American philosopher and cultural theorist

Hugh J. Silverman (August 17, 1945 – May 8, 2013) was an American philosopher and cultural theorist whose writing, lecturing, teaching, editing, and international conferencing participated in the development of a postmodern network. He was executive director of the International Association for Philosophy and Literature and professor of philosophy and comparative literary and cultural studies at Stony Brook University (New York, US), where he was also affiliated with the Department of Art and the Department of European Languages, Literatures, and Cultures. He was program director for the Stony Brook Advanced Graduate Certificate in Art and Philosophy. He was also co-founder and co-director of the annual International Philosophical Seminar since 1991 in South Tyrol, Italy. From 1980 to 1986, he served as executive co-director of the Society for Phenomenology and Existential Philosophy. His work draws upon deconstruction, hermeneutics, semiotics, phenomenology, aesthetics, art theory, film theory, and the archeology of knowledge.

==Biography==
Silverman was born in Boston, Massachusetts. He received his doctorate from Stanford University (1973) with a Fulbright -French Government Scholarship to France (1971-71) and an FASCEA Scholarship in Paris (1968). After teaching at Stanford for a year, he joined the Stony Brook University Philosophy faculty in 1974 (with a joint title appointment in comparative literature).

He was awarded the inaugural Fulbright-Distinguished Chair in the Humanities at the University of Vienna (Austria) for 2000-01 and the Fulbright-Distinguished Chair in Art Theory and Cultural Studies at the Vienna Academy of Fine Arts in 2009–10, as well as an Institute for Advanced Study Distinguished Fellowship at Michael J. Osborne Centre Institute for Advanced Study at La Trobe University (Melbourne, Australia) for June–July 2008. He was honored with the Helsinki Medal by the Rector of the University of Helsinki (Finland) in 1997 and was visiting senior fellow at the Institute for the Human Sciences (Vienna, Austria) in 1998. He received the State University of New York Chancellor's Award for Excellence in Teaching and was awarded an American Council of Learned Societies (NEH) Fellowship in 1980–81.
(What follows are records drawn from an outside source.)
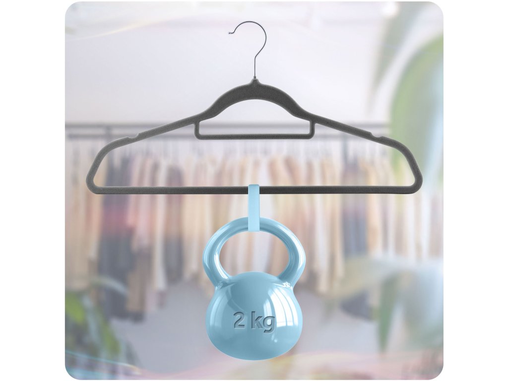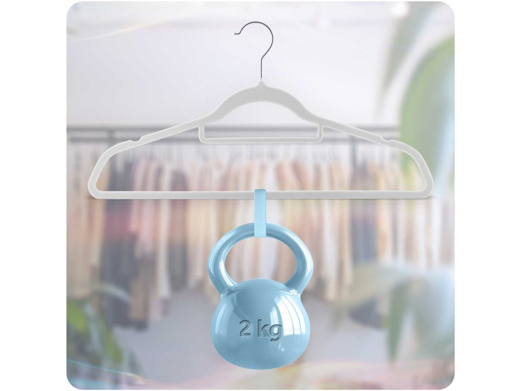 Kvalitetna jezgra od PP - prekrivena kvalitetnim velurom sprječava klizanje odjeće s vješalice. Ne deformira odjeću, čvrsta i izdržljiva.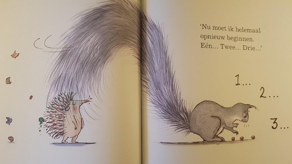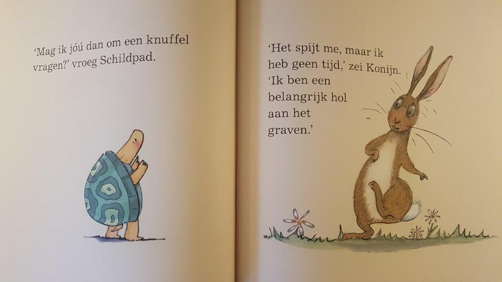 Zowel Egel als Schildpad zoeken naar iemand die ze allebei weer blij wil maken door een knuffel geven. Beide vragen ze, los van elkaar, Egel via de ene kant en Schildpad via de andere kant van het boek, alle dieren die ze tegenkomen om hen te knuffelen, maar niemand wil. Ik schrok er zelf van hoe hard dit in het boek werd gezegd, vooral door Eekhoorn die “te druk was met zijn 3 nootjes te tellen” en dat met het plaatje erbij waarop hij zich omdraait met zijn staart in Egels verdrietige gezicht. Je zou hem spontaan een knuffel willen geven!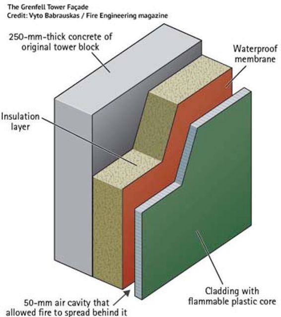 An article in Fire Engineering magazine, published for nearly 140 years to “provide training, education and management information for fire and emergency services personnel worldwide,” concludes that a major factor in the spread of the fire at Grenfell Tower was the large size of the air-gap between the external cladding and the insulation layer attached to the building façade.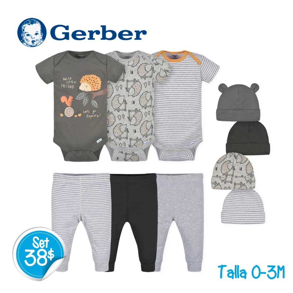 Set de 3 Bodys + 3 Monitos + 4 Gorritos Hello!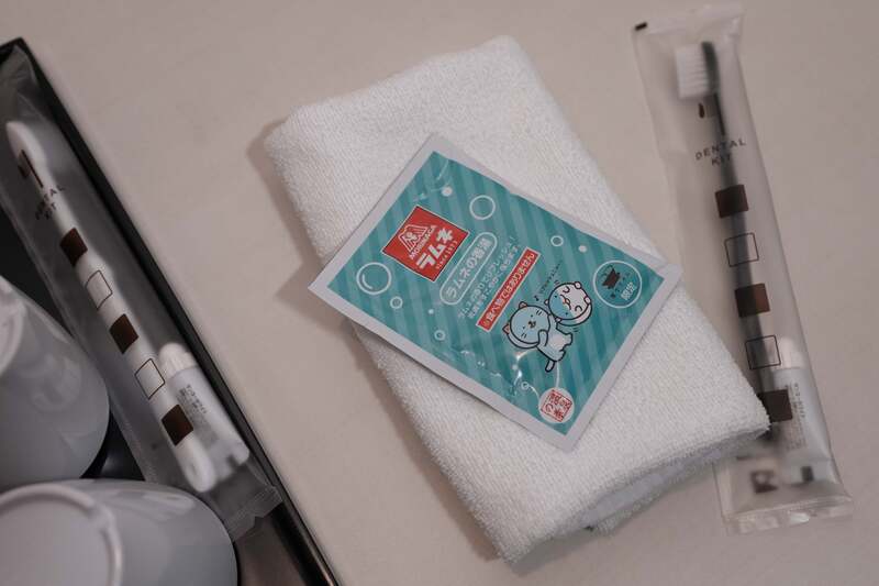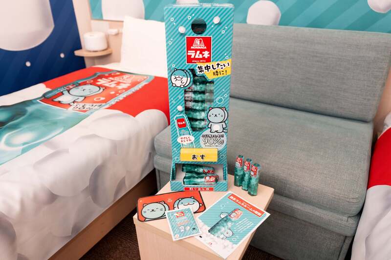 客室には、ラムネの香りを楽しむ入浴剤やアロマセット、「ラムねこ」と「しゅうチュー」のマスクケースなどのグッズが用意されています。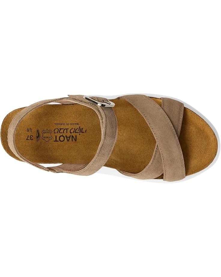 - Let your feet enjoy a luxurious feel in sumptuous style as you wear the Naot® Throne Wedge Heels. This almond toe pair features leather upper and lining construction with cork and latex covered in suede footbed. The ankle strap has hook-and-loop closure with decorative buckle design.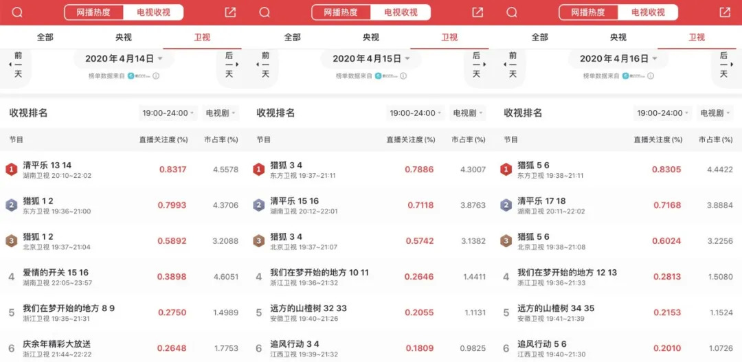 总而言之,随着各行业逐渐复工、社会恢复正常运转,疫情带来的红利即将消退,卫视之间、网与台之间的竞争终究要回归正常情况,靠内容说话。Q2的爆款剧TOP1将是什么类型、出现在哪个平台,我们拭目以待。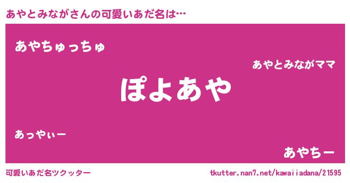 | 男性向けラノベタイトル風あだ名 | 『この素晴らしい世界にあやとみながを!』 |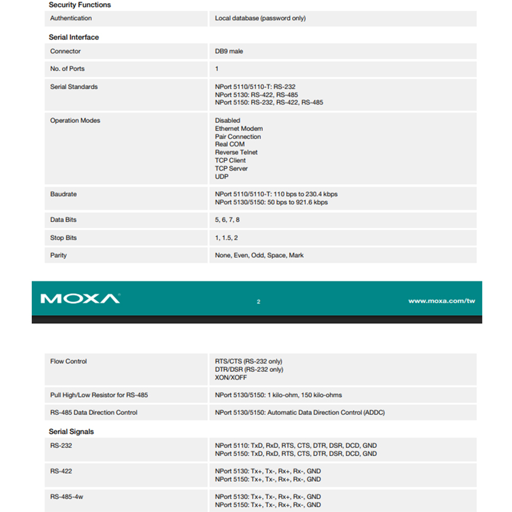 昌運監視器 MOXA NPort 5150 1埠RS-232/422/485串列設備伺服器

From 1980, he held visiting professorships at the University of Warwick and the University of Leeds (UK), University of Milan, University of Torino and University of Rome-Tor Vergata (Italy), University of Vienna and University of Klagenfurt (Austria), University of Helsinki and University of Tampere (Finland), University of Sydney and University of Tasmania in Hobart (Australia), University of Trondheim (Norway), and University College, Cork (Ireland), University of Nice (Faculte des Lettres)(France).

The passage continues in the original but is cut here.